President Dudley,
I am writing to urge you and the Board of Trustees to change the name of Washington and Lee University. Changing the name is a small, but substantial, act that our school can take to make it a welcoming environment for all. A failure to change the name will be a death knell for an institution that has struggled to keep up with our present and past, let alone our future.
I don’t mean to brag (okay, maybe I do), but I was the kind of student that W&L dreams of. My parents immigrated to the U.S. from Bangladesh in the late 80s, making me the proud son of Muslim American immigrants. I enrolled in W&L as the graduate of a public high school with literally no connection to the school other than my acceptance letter. I said yes to W&L for the academic opportunities it offered, amazing setting, and the opportunity I saw to engage and make a difference. I wonder what kind of cheers came with my unique data point, knowing that I chose to overlook so many other red flags to say yes to W&L because of the genuinely compelling pitch it made to me.
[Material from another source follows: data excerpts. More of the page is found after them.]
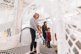Test your balance, strength, and agility in the entire Dream Machine area. Children ages 5 and up can climb into the clouds in the three-story climber and slide! The Dream Machine area is wheelchair accessible at multiple points.
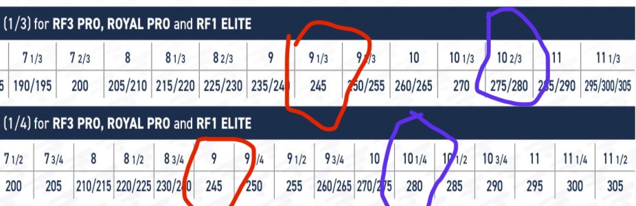 Я вижу сильную разницу у разных фигуристов в установке, Risport предлагает 10 1/4 и 10 2/3, хотя если логически воспринимать ближайшие размеры в двух системах измерения (трети и четверти) это или 10 1/2+10 2/3 или 10 1/4+10 1/3 — то есть в их таблице логика ближайшиХ размеров нарушена, просто перескочили в своих каталогах через один размер лезвия. Чтобы исключить опечатку я сделал проверку и погуглил каталоги за предыдущие три года — и такая динамика сохраняется, они рекомендуют не ближайшие размеры лезвий для одних и тех же ботинок. Помогите не просто рекомендацией «нужно такое лезвие», а объясните почему так? (Если вдруг нужно, то моя нога 27.5 левая, 27.3 правая. Ботинок подходит хорошо)
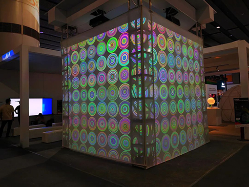 一個3米5見方的空間,朦朧的紗幕四面環繞,四臺松下PT-FRZ99CL工程投影機被安裝在紗幕內部,背投出一個個繁復絢麗的同心圓。
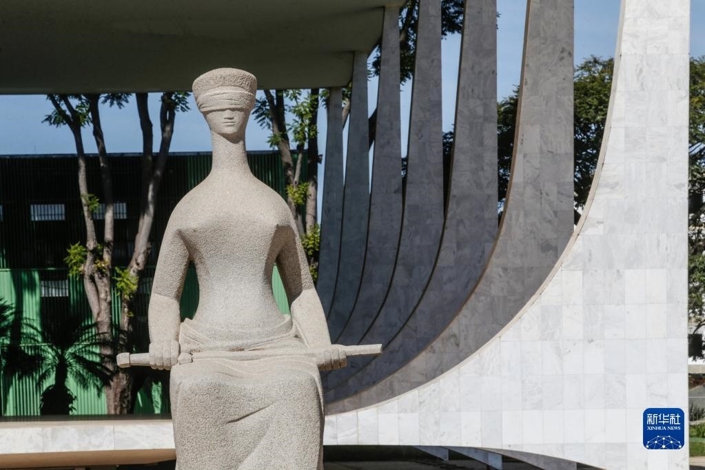 這是5月22日在巴西首都巴西利亞三權(quán)廣場(chǎng)聯(lián)邦最高法院前拍攝的一尊雕像。
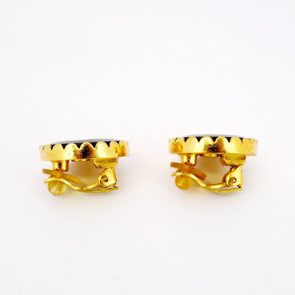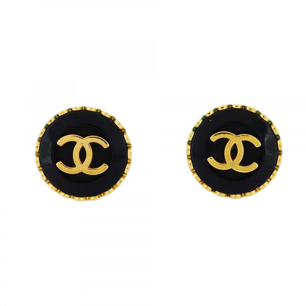 Chanel Coco Mark Circle Earrings, GP Plated Gold and Black, Women\'s
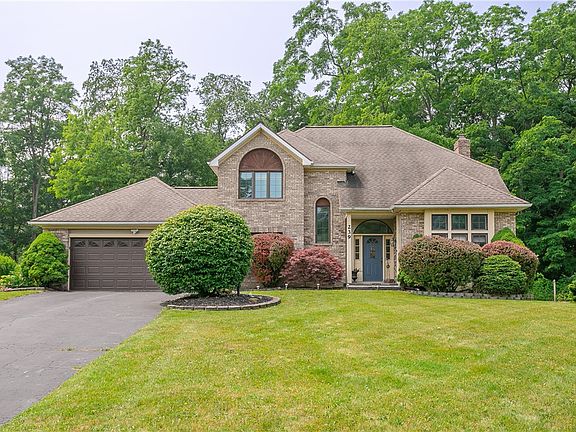 Welcome to this stunning contemporary home boasting 2100sqft of living space, 3 bedrooms and 2 1/2 bathrooms. You'll be captivated by the charming brick façade, which exudes timeless elegance. The meticulous landscaping adds to the overall curb appeal, creating an inviting atmosphere for you and your guests. Step onto the gorgeous back deck, and you'll discover a tranquil space perfect for relaxation or entertainment. This expansive tiered deck leads down to a hot tub, providing a perfect retreat to unwind after a long day. The wooded backdrop of Seneca Park offers a sense of seclusion and privacy, and the Seneca Park walking trail only 1/4 mile away affords nature lovers the chance to explore. Upon entering through the grand 2-story foyer, you'll be greeted by an abundance of natural light pouring in through the arched windows, creating a bright and welcoming ambiance. The thoughtful design of this home allows for a seamless flow between the living spaces, and the interior is adorned with exquisite features, including stone fireplace, beautiful tile, hardwood flooring, and recessed lighting throughout.
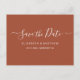 Budget minimalist enkel manus bröllop spara datum icke-foto meddelande personlig prisvärd låg budget vykort i jordnära terrakotta boho öken rost bränd orange. Rent enkelt designmall med elegant kursiv handskriven typsnitt/ kalligrafi manus "Spara datum" text. Detta klassiska kort är perfekt för ett par som vill ha ett traditionellt "spara datum" med en modern touch, utan foto. Om du behöver hjälp eller matchande föremål, vänligen kontakta formgivaren.
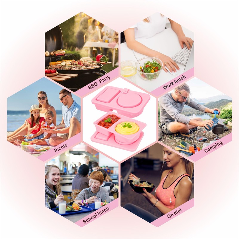 - Compact, Portable & Great for On-the-Go: These reusable silicone snack containers with lids are compact, and perfectly sized for portion. They fit easily into lunchboxes, coolers, making them ideal for travel, work lunches, lunch box and picnic. The round compartment holds 3.38oz liquid, and the square one holds 3oz, suitable for small snacks, small fruits, salad sacue, nuts, condiment etc.
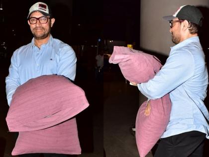एअरपोर्टवर आमिर खानच्या हातात का दिसते उशी ?
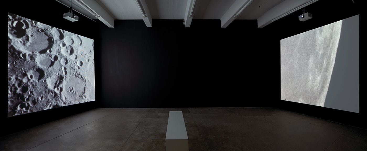 The fourth work in the show represents something quite different and fascinating from Everson. “Rough and Unequal” (2017) is a pair of 16mm films, here projected digitally on opposite walls in their own room. They are tersely resonant, capturing the moon in extended and enlarged mirroring shots. One half focuses on the moon’s craggy surface, a monochrome image that fills the whole scene; framed much further away, the other projection fixes on the moon’s place in the darkness of space, opening as just a wan swatch of light. Slowly, darkness creeps into the former film as the camera pans towards a patch of black; in the latter, the same measured movement gathers more and more moon into the frame until it is nothing but, mirroring the opening of the other film as well the phases of the satellite. Absorptive and reflective, “Rough and Unequal” plays with the utility of restriction, the vision it lends and the views it cuts out.
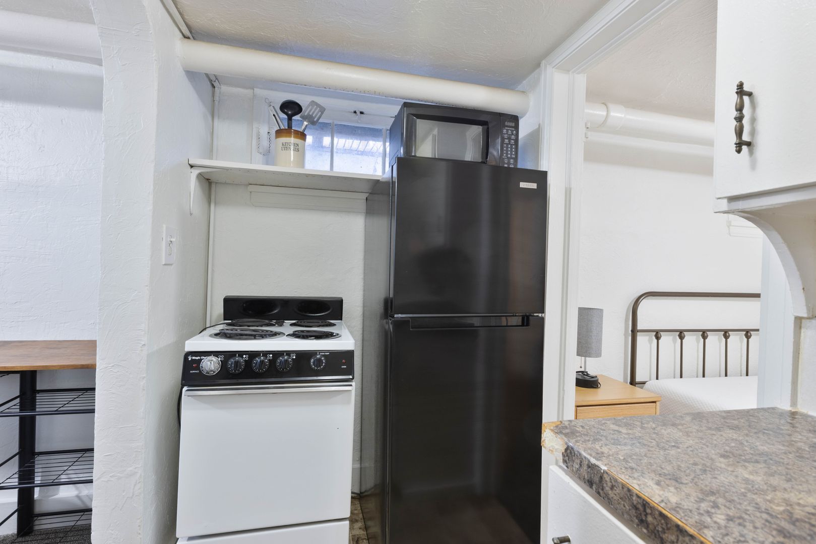 The apartment comes furnished and includes essential appliances such as a stove, oven, microwave, refrigerator, and freezer. Utilities are split, with the owner covering internet and the tenant responsible for City of Idaho Falls water, sewer, garbage, and electricity. Please note that there is no onsite laundry available.

I learned quickly that my attendance at W&L could not be an endorsement of the institution as a whole. My ability to buckle down as a leader in the spaces of campus I cared most deeply about was not a pure act of passion: it was a coping mechanism. For all the amazing classes and leadership opportunities I earned, I had to deal with the constant stress of feeling responsible for fixing our racist ship. Whether I was having the best or worst time on campus, I found myself in a fundamentally exhausting environment that was incapacitated to change because of countless factors that I alone cannot and should not have to change on my own.
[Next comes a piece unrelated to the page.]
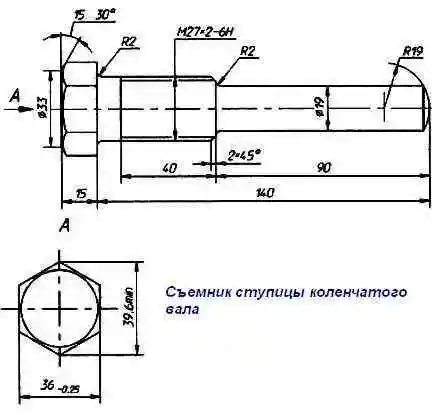 Снять шкив привода. Для снятия ступицы со шкивом и гасителем с конического конца коленчатого вала восьмицилиндрового двигателя использовать съемник, показанный на рисунке 6.

The one countless factor I am here to change is the explicit rejection of Robert E. Lee in our school’s cult of personality. Students use our absurd embrace of a racist to move the goal posts of acceptable behavior on campus. Blatant disrespect towards my Black, brown, and other non-white peers plays far too big of a role on a campus that has the audacity to be over 80% white in 2020. This is in no small part because so few students (non-white and otherwise) are willing to look past the dumb name that make up the W & L that they see on admissions packets.
I thought college was supposed to be filled with fresh indie rock and dumb conversations about Infinite Jest, not an endless fight against the Lost Cause narrative and daily acts of racism, homophobia, sexism, and classism. Lee may have played some weird role in keeping our campus alive when he was president, but only the worst of his scars run through the veins of our institution. When students who look like me or my other marginalized peers aspire for change, we are fighting an uphill battle against an institution that is designed for us to fail. One small, but unshakeable, frame of this challenge comes in our bizarre embrace of Racist E. Lee. Professor Locy summed it up well in her piece for The Nation that argued for changing our name.
“It defies logic, 150 years after Lee’s death, for W&L to give him credit for making the university the first-class liberal arts institution it is today. He doesn’t deserve it,” Loci wrote. “The thousands of students, faculty, and staff who came after him do. They include brave young men and women of color who often found themselves alone, underestimated, and ridiculed as they sought their educations on an overwhelmingly white campus.”
A name is not our history, it is our present. Washington and Lee is a present-tense institution that should not owe anything to the rich racists, sexists, and robber barons who have convinced us that our name is more sacred than improving the values underlying it. The only history that will come from not changing an outdated and racist name like ours will be the extinction of our institution at the hands of people who reject the existence of an alumnus like myself.
One of those racists argued in my Twitter feed that W&L’s aversion to changes like a name change have protected it from being a college that “lost its mind” from “Oberlinification” (aka liberal nonsense) in the mid-2010s. Arguments like these illustrate the faulty link that our wealthiest, racist, and most powerful community members make between changes to improve the lives of our most vulnerable and our institution’s so-called values. Arguments like these are an acknowledgement that the supreme comfort of many of our white students and alumni have come at the expense of existence for so many marginalized students on our campus.
Like I said, a name change cannot and should not be the only meaningful change that our school embraces. I can write many other letters in support of more substantial changes to improve the lives of our marginalized communities. But, the nucleus of these changes start at the top, and the absolute bare minimum that we can do is undergo a minor re-branding effort to let our community know that we are committed to real change.